Honorable mention to Smithwick Rattlin Rogue (Floater), Berkley Power Frogs, and buzzbaits.


----------



## fishingredhawk (Apr 14, 2004)

1/2 oz football jig


----------



## tcba1987 (Jun 22, 2004)

1rst 2 3/4 to 3 inch Mustard colored Strike King Tube Bait texas rigged on a EWG 3/0 Gamakatsu hook with a 1/8 oz bullet weight 

2nd My buddies homemade black 1/4 oz buzzbait with clacker 

3rd The Tiny Bill Norman crankbaits in various color patterns


----------



## liquidsoap (Oct 22, 2005)

Sammy... Its a sick way to catch them


----------



## AnglinMueller (May 16, 2008)

I like to use a jig head with a twister tail or yum grub. I usually use either a 1/16 oz or 1/8 oz head.

Rapalla crank baits work pretty well for me too but I prefer touse those in lakes rather than rivers.


----------



## tiffinsmallies2 (Aug 11, 2008)

This is in no particular order just some river/creek favorites. keep baits relitively small/ moderate size.
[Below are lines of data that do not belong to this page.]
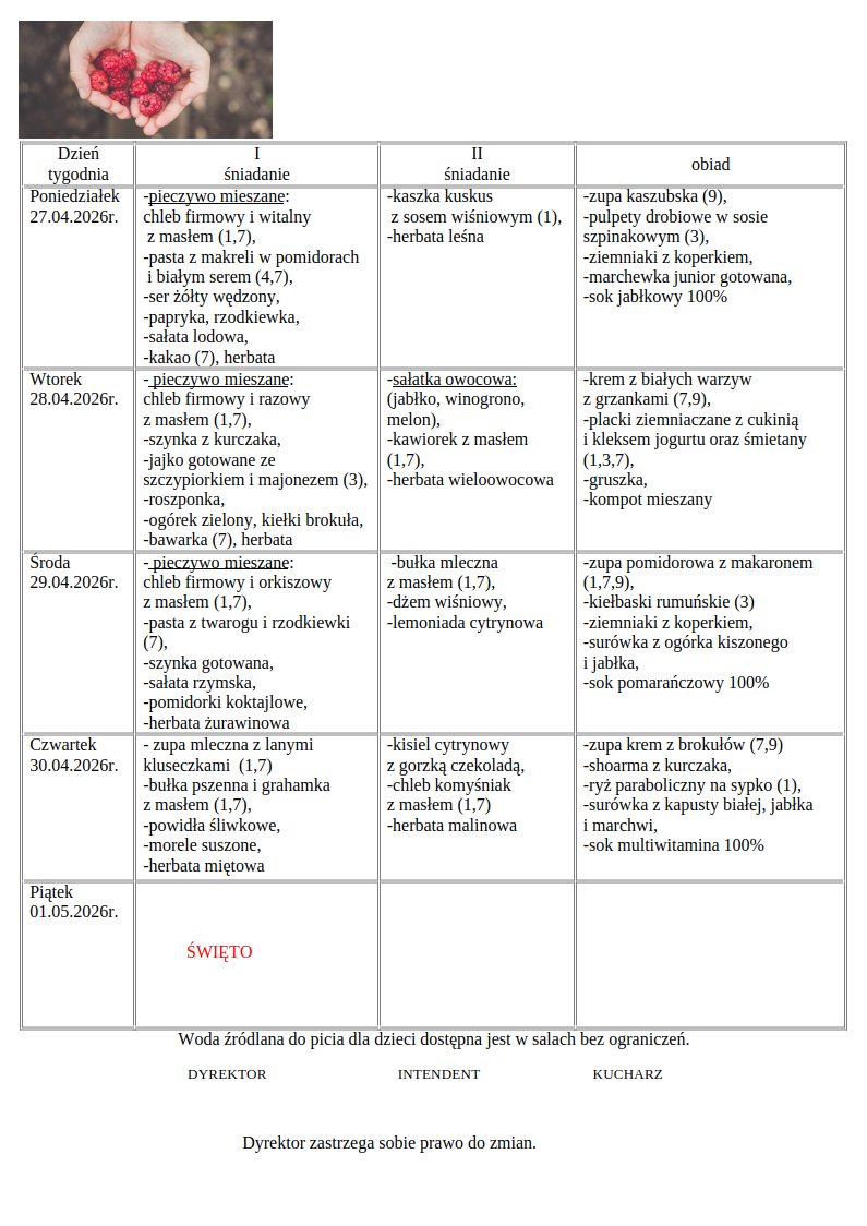 Jadłospis 27.04 – 1.05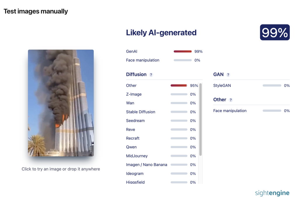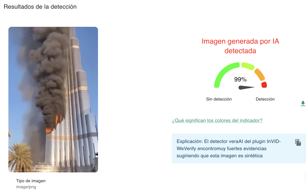 En tanto, Polígrafo aseguró que «un incendio de esta magnitud en el edificio más alto del mundo habría recibido una amplia cobertura mediática, lo que no ocurrió».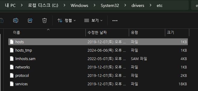 2. 해당 경로에 있는 hosts 파일을 텍스트 편집기로 관리자 권한으로 연다.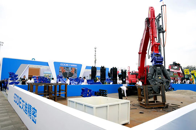 This area presented the full range of hydraulic breakers, double-cylinder shear cutters, quick couplers, vibratory rammers, scrap grapples, and eagle-nose shears. A dynamic demonstration zone highlighted equipment efficiency, leveraging the 10-second quick-change feature for high-performance operations.

in-line spinners (bluefox, rooster tail)
rapala cranks
tubes
3"grubs
beetle spins
small senkos
small casting spoons
live minnows


----------



## ohiomelvin (Jun 22, 2008)

thnks ill make sure i try these see which works best for me


----------



## Smallmouth Crazy (Apr 4, 2006)

Rebel wee craw, Rapala floaters black/silver, Rapala Shad Rap, Jitterbugs at night and lively bass minnows.


----------



## norseangler (Jan 8, 2009)

In rivers: Baby Chug Bug, 1/8 or 1/4 oz buzzbaits, Rebel Wee Craw, origin floating Rapala, #2 Mepps Spinner (in small creeks). In lakes: buzzbaits, Chug Bugs or Baby Chug Bugs, Hubs Chub, 4-inch green pumpkin stickbait, chartreuse or white spinnerbait, Husky Jerk.


----------



## BassCrazy (Oct 11, 2007)

Pop-R
4" Slider worm
tube jig
1/8 oz. jig & 101 pork chunk


----------



## freyedknot (Apr 10, 2004)

bill norman red crankbait with flecks in it


----------



## metzbgsu (Jun 28, 2008)

Green pumpkin tube with chartreuse tail, black tube with purple/gold flake, or black tube with blue flake and blue tail...drag them along bottom while drifting and hook some 4+ pounders!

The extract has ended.